NanoClaw went the opposite direction — deliberately minimal, container-isolated, security-first. About 15 source files total. It runs each agent in its own container, which solves the RCE problem that plagues OpenClaw. The trade-off is it's Claude-only, has no plugin marketplace, and the ecosystem is tiny. For people who want a locked-down Telegram bot and nothing else, it's a solid pick.

Claude Code and Cline are coding tools, full stop. Best-in-class IDE integration, but no messaging gateway, no always-on service, no multi-platform support. They're solving a completely different problem. Comparing Hermes to Claude Code is like comparing a Swiss Army knife to a scalpel — different tools for different jobs.

Aider deserves a mention as the most mature terminal coding agent (35 months old, rock solid), but it's coding-only with zero general agent capabilities.

The honest takeaway from this chart: Hermes doesn't win on any single row. It doesn't have OpenClaw's platform breadth, NanoClaw's security posture, Claude Code's IDE integration, or Aider's maturity. What it has is the only native learning loop in the bunch, and the only research lab behind it that's feeding agent behaviour back into model training. That's a bet on trajectory rather than current state.

The cracks

Seven releases in four weeks is a pace that should make anyone nervous.

The v0.8.0 release introduced a gateway crash on every incoming message — a request_overrides None reference that broke all messaging platforms. Multiple people reported it the same day. That's what happens when you ship 209 merged PRs in a single release.

The security situation is worse. On the day I looked, multiple security issues had been filed: missing security headers, plaintext SQLite storage, ReDoS risk, session fixation, no rate limiting on the API server. And the big one — unauthenticated remote code execution via the SMS webhook because Twilio signature validation wasn't implemented. For a tool that can run terminal commands on your machine, that's not a minor oversight.

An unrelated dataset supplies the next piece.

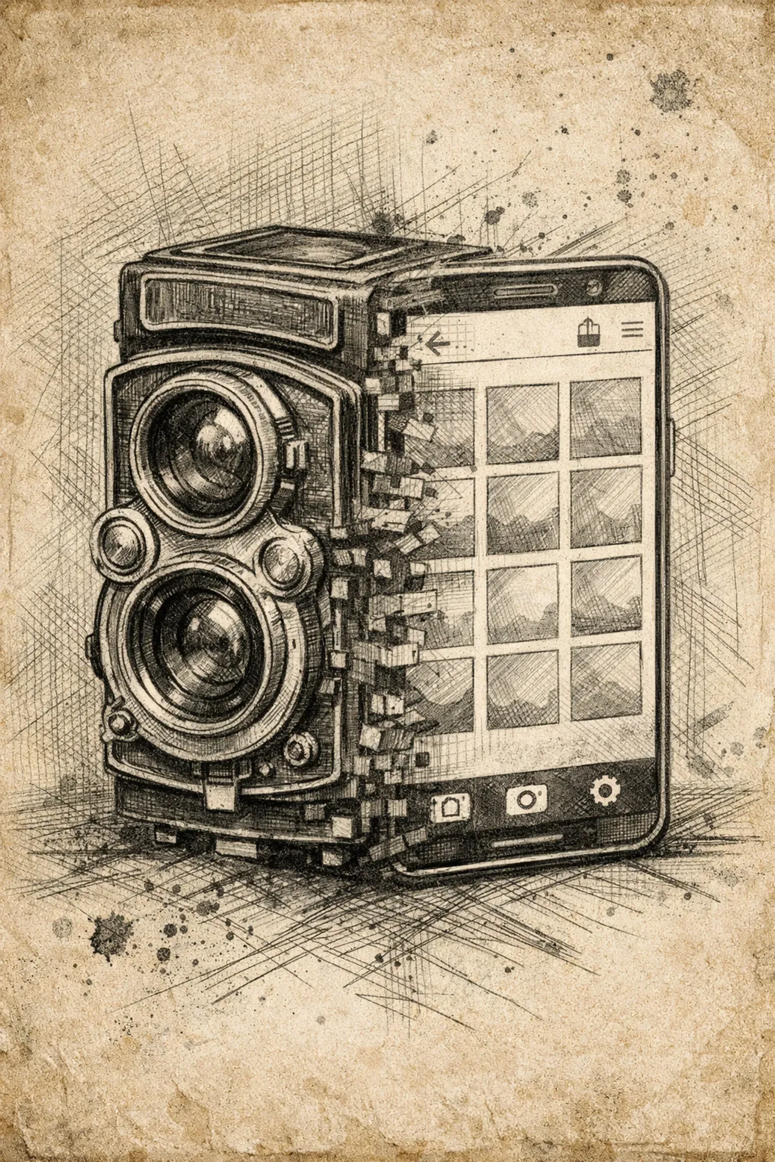 Visual: An old-school sketch of a vintage camera integrated into a modern smartphone interface, symbolizing the blend of classic artistry and new-age tech.

The codebase shows the strain too. run_agent.py is 9,200 lines. cli.py is 8,500. gateway/run.py is 7,500. These are enormous single files. The docstrings acknowledge it — noting these modules "were previously embedded in a 3,600-line run_agent.py" — so there's been refactoring, but the core files are still massive.

86% of all commits come from one person (teknium1). That's a concentration risk for a project with 52K stars and people running it as an always-on service.

Who should pay attention

If you want an AI coding assistant, use Claude Code or Cline. Hermes isn't that.

If you want an always-on AI agent that connects to your messaging platforms, learns from its own completions, runs on your own infrastructure, and works with whatever LLM provider you prefer — Hermes is the most ambitious attempt at that in open source right now.

Self-hosting enthusiasts will love it. Researchers who want to study agent behaviour with their own models will love it. People who want their AI assistant in Telegram rather than a terminal will love it.

But you're adopting a two-month-old project that's iterating at breakneck speed, has real security gaps, and depends heavily on a single maintainer. The trajectory is impressive. Whether the foundations can hold up under this growth is the open question.

If Nous Research can slow down just enough to shore up the security model and break apart those massive files, this could end up being the definitive open-source agent framework. Right now it's a rocket that's still being welded together mid-flight. Thrilling to watch. Maybe wait a version or two before you point it at anything sensitive.